Twelve years of empirical field research, from Peshawar to Notre Dame. A Research Operations Specialist with a record of directing multi-country studies spanning Argentina, Bangladesh, India, Kenya, Lebanon, Pakistan, and the United States.
Core expertise spans panel data construction, OLS-based analysis, and end-to-end field operations management. In parallel, I develop AI methods for academic research — inventing structured, command-driven workflows that improve research work cycles and establish reliable, reproducible practices for empirical teams.
The career began in 2013. A background in Computer Science led not to a technology firm but to a role within a pharmaceutical company, where working across structured data and business functions made the professional direction clear: applied quantitative analysis.
That early analytical work advanced into a product management position, where data-driven methods informed marketing strategy for OTC pharmaceutical products. A deliberate decision to pursue a Master's in Development Studies followed, connecting a technical foundation in programming and statistical methods to the field of development research and policy.
Field engagements with USAID and UNHCR projects provided the operational grounding. Collaboration with Dr. Luke Sonnet proved formative: his standards for analytical rigor shaped an approach to research operations built on precision, reproducibility, and disciplined data management.
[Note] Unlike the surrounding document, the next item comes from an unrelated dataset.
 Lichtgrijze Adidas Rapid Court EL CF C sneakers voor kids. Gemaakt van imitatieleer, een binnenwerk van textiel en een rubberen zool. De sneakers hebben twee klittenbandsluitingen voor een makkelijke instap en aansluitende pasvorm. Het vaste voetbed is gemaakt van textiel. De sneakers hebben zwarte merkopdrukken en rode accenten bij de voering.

The technical work that followed established a track record in panel data construction and OLS-based analysis across complex, multi-country research environments.
From Peshawar to Notre Dame. The current role is Research Manager at the Kellogg Institute, University of Notre Dame. The distance traveled, professionally and geographically, reflects twelve years of rigorous training, consistent execution, and the sustained engagement of exceptional mentors.
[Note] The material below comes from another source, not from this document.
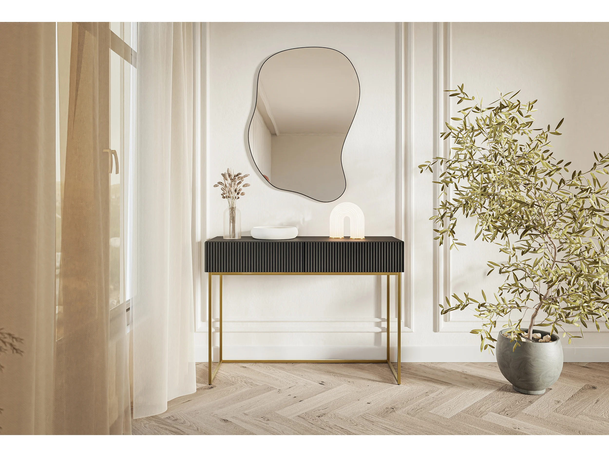 Schminktisch - 110 cm - schwarz mit goldenen Beinen - VELDIO
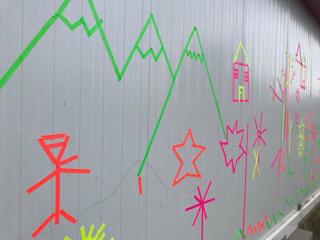 For this reason, Hannah and I are assisting Nehama in leading projects for the children to make public art in the shelter. This is not only a fun activity, but a way to personalize their temporary home. For example, we have painted the flower boxes with acrylics and made a tape art mural on one of the walls of the container together. The art projects are always voluntarily, but it always happens that kids become interested as we are setting up and when a few start, more join. As one could expect, the outdoor project always leads to some chaos, whether it is kids painting each other’s arms or someone taping outside the wall. Nehama tells us that while it can be tiring managing the children, she’s grateful that they are passionate about art and playing, even if they throw fits or make a mess. Most of the children that come to Art Therapy are still very young and may not have experience in formal education. It is in this space that they can learn how to listen and follow instructions, work in groups, and be creative without pressure. It is therefore Nehama’s hope and goal that Art Therapy also prevents children from difficulties adjusting to school in the future, where authority can be much less forgiving.

Dr. Golden extended trust and responsibility at a formative stage, assigning leadership roles on consequential international research projects. Her confidence in my capabilities, sustained across many years, has been foundational to this career. The standards she holds for rigor, precision, and intellectual honesty have shaped every dimension of this work.
Dr. Gulzar expanded the scope of this work in ways that proved decisive. He offered repeated opportunities across his research portfolio and facilitated introductions to scholars at Stanford, Yale, and Princeton. The methodological exposure and professional network that followed have been central to this career's trajectory.
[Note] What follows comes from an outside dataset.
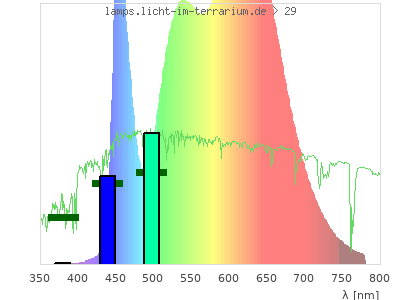 Whereas a spectrometer measures the intensity in every tiny wavelength interval resulting in thousands of individual intensities, the human eye only measures three intensities detected by the three cones. The same is true for the reptile eye with usually three or four photoreceptors. Effectively the detailled spectrum displayed above reduces to a much compacter bar graph displayed below. The photoreceptor sensitivites from these L-Cone, M-Cone, S-Cone, and U-Cone are used, they are chosen as an average of measured reptile photoreceptor sensitivity curves. The bar graph also shows as reference the intensity seen by the three or four photoreceptors for average sunlight (id 1).

Note on this portfolio: This portfolio documents nearly a decade of technical execution and operational leadership. Principal investigators hold authorship on the studies listed. The contribution in each case was as lead technical executor: rigorous data cleaning, statistical analysis in R, and the coordination of complex field operations and institutional relationships.
The work centers on a specific problem: making AI a reliable operational partner in academic research, rather than a general-purpose tool. This involves active exploration of how AI efficiency methods can improve research work cycles, and the systematic invention of structured, command-driven workflows that encode best practices for empirical social science. The underlying premise is that AI performs best when given precise, bounded instructions tied to clear professional standards.
The method is the Claude Skill: a personalized, markdown-based command that instructs Claude Code to execute a specific research task through defined phases with user approval checkpoints. Each skill encodes the operational logic of a research job — data integrity constraints, file structure conventions, documentation requirements — so that the task runs cleanly and reproducibly every time. The resulting skills are published as open-source GitHub repositories, available to any research team.
AI as a structured partner, not a probabilistic shortcut. Every workflow produces the same output under the same inputs.
Commands are personalized and task-specific. General prompts are replaced by skills that encode professional standards directly.
Every skill is open-sourced and documented so that any research team can adopt, audit, and build on the method.
A growing library of Claude Skills for empirical social science research. Each skill enforces data integrity, transparent variable tracking, and end-to-end reproducibility. Designed for researchers working with foundations, multilateral institutions, and policy organizations.
github.com/Mamooralikhan/super-RAConstructs a complete, self-contained replication package from an existing research project. Produces standardized file paths, cleaned datasets, and comprehensive documentation aligned with journal and funder requirements.
Standardizes analysis code for reproducibility across R and Stata workflows.
Synthesizes targeted literature reviews structured around specific research questions.
Generates structured academic referee reports following journal standards.
Advises students at the Lahore University of Management Sciences on careers in development research, field operations, and policy institutions. Draws on direct experience across academic, multilateral, and government-affiliated research environments.
Conducts policy research and quantitative data analysis in support of evidence-based policy work in Pakistan, with a focus on governance, public finance, and development outcomes.
Managed large-scale research projects across multiple simultaneous engagements, coordinated field teams, and maintained data quality standards for economic and policy research initiatives in Pakistan.
Provided research and data support for projects led by Dr. Saad Gulzar, contributing to political economy research in Pakistan with a focus on legislative behavior and public service delivery.